Account based marketing (ABM for short) is a powerful way to break through the noise and hit the big hallmark clients. However, we have started to notice a different need across many of our B2B clients. Many of them sit in this strange place where they don't want to be hitting the biggest clients they can comprehend. They want leads that are substantial but not massive - picture a tuna or a swordfish, rather than the fabled 'whales'.
Massive clients often come with glacial procurement processes, bureaucratic obstacle courses and shedloads of internal politics. For many agile companies, while working with a name like Microsoft looks great on paper, it won't realistically improve their balance sheets (or the sanity of their employees).
So, how do you market to target companies that are big but not too big to manage? ABM is great for hitting whale accounts, but it's a resource-heavy process which doesn't quite make sense when applied to smaller accounts. Nevertheless, a normal marketing plan isn't going to break through the noise when it comes to your near-the-top-tier client wishlist.
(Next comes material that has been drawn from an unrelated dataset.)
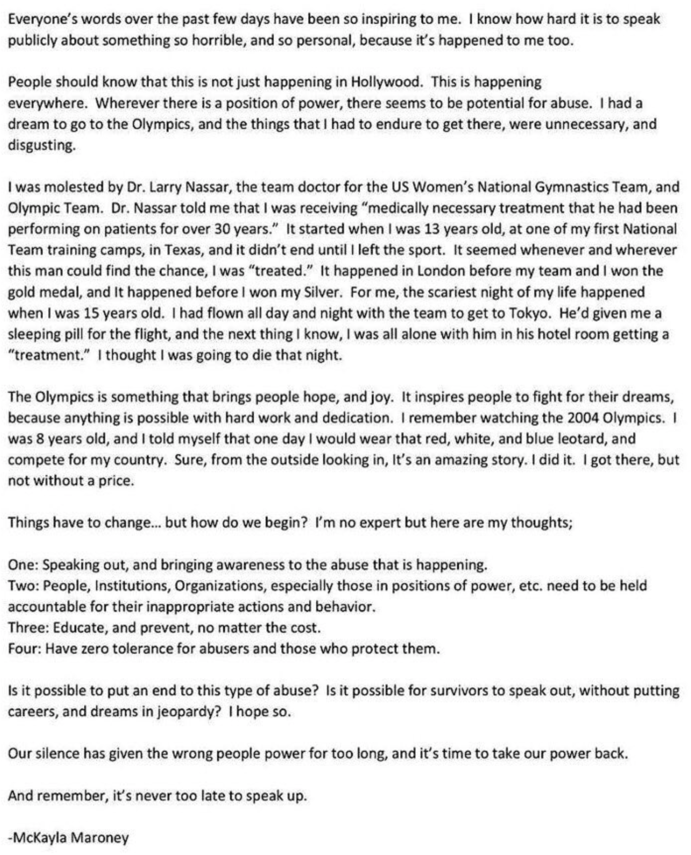 USA Gymnastics issued a statement in response to Maroney’s post, saying: “USA Gymnastics admires the courage of those, like McKayla Maroney, who have come forward to share their personal experiences with sexual abuse. Because of their strength in coming forward, predators can be held accountable for their actions. We, like so many others, are outraged and disgusted by the conduct of which Larry Nasser is accused. We are sorry that any athlete has been harmed during her or his gymnastics career.”
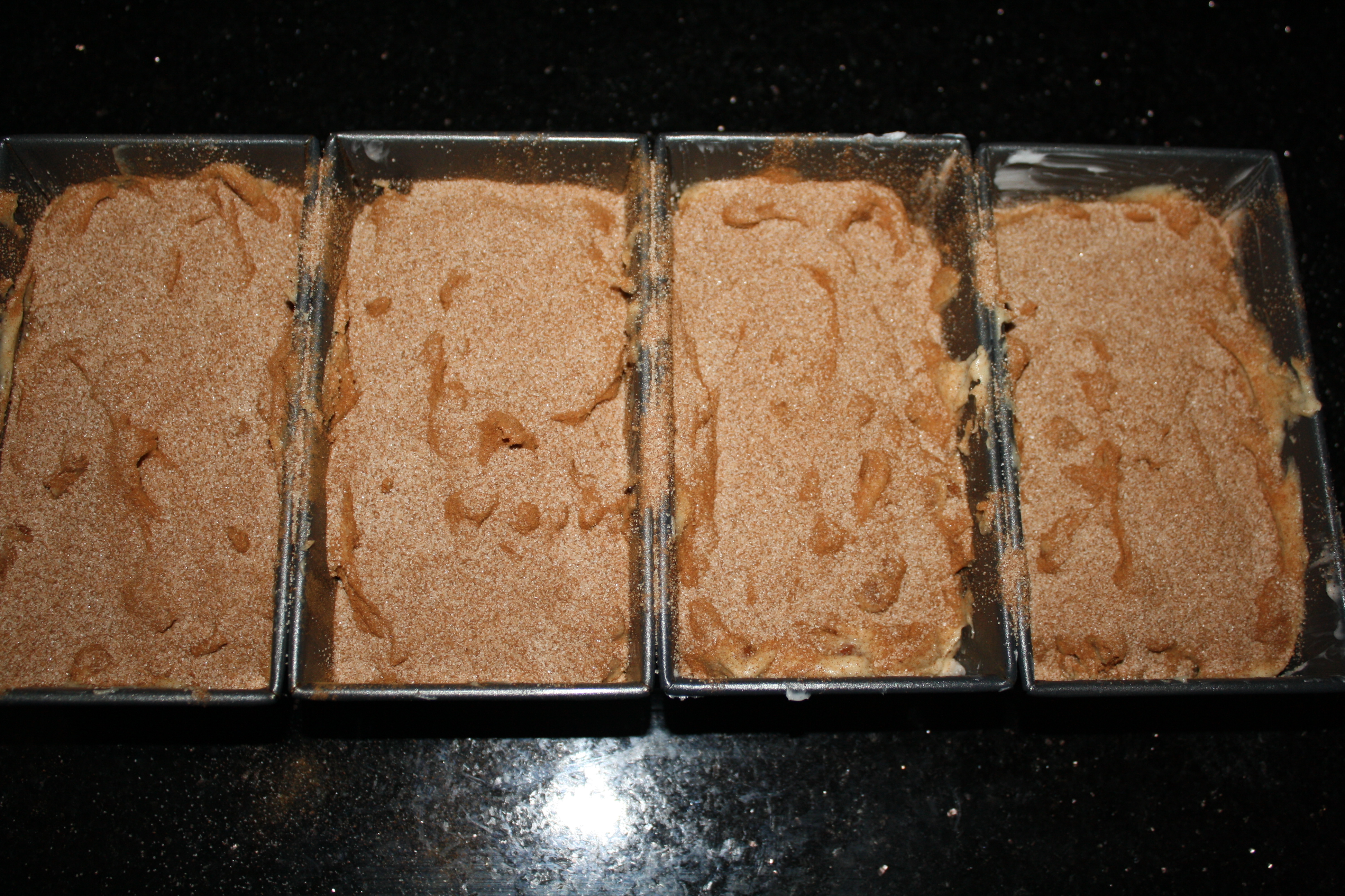 6. Mix 3 T. sugar and 3 t. cinnamon in a bowl and sprinkle over the batter in each loaf pan.

So what's the answer?
What we need is a process that blurs the lines between your everyday inbound marketing and ABM. We haven't coined a name for it yet, but for the moment I'm going to refer to it as ''scalable ABM'.
There are a lot of moving parts with ABM, but essentially it can be broken down into five key areas:
This doesn't take account bespoke success statistics, but we would follow these four must-have metrics:
So now we have those basics laid out, let's look at the first stage, target selection.
Within a typical ABM campaign, decision maker unit (DMU) mapping takes up a huge chuck of allocated time. There's a good reason for that. If you're trying to approach a highly sought-after asset, you need to know everything about that asset.
One of the best examples of this comes from the NFL franchises. If they want to sign a great player, they don't just send them an email. They have scouts learn everything about them, from playing style to their family to their favourite cereal. When they approach the player, they can give them context around how they will fit in to the team from a professional perspective, how they can practically adjust their lives if they move, even where they can get a great breakfast. Then all the player has to do is sign, knowing that the club has everything else in hand, from their responsibilities on the pitch to their living situation and even their morning bowl of Frosties.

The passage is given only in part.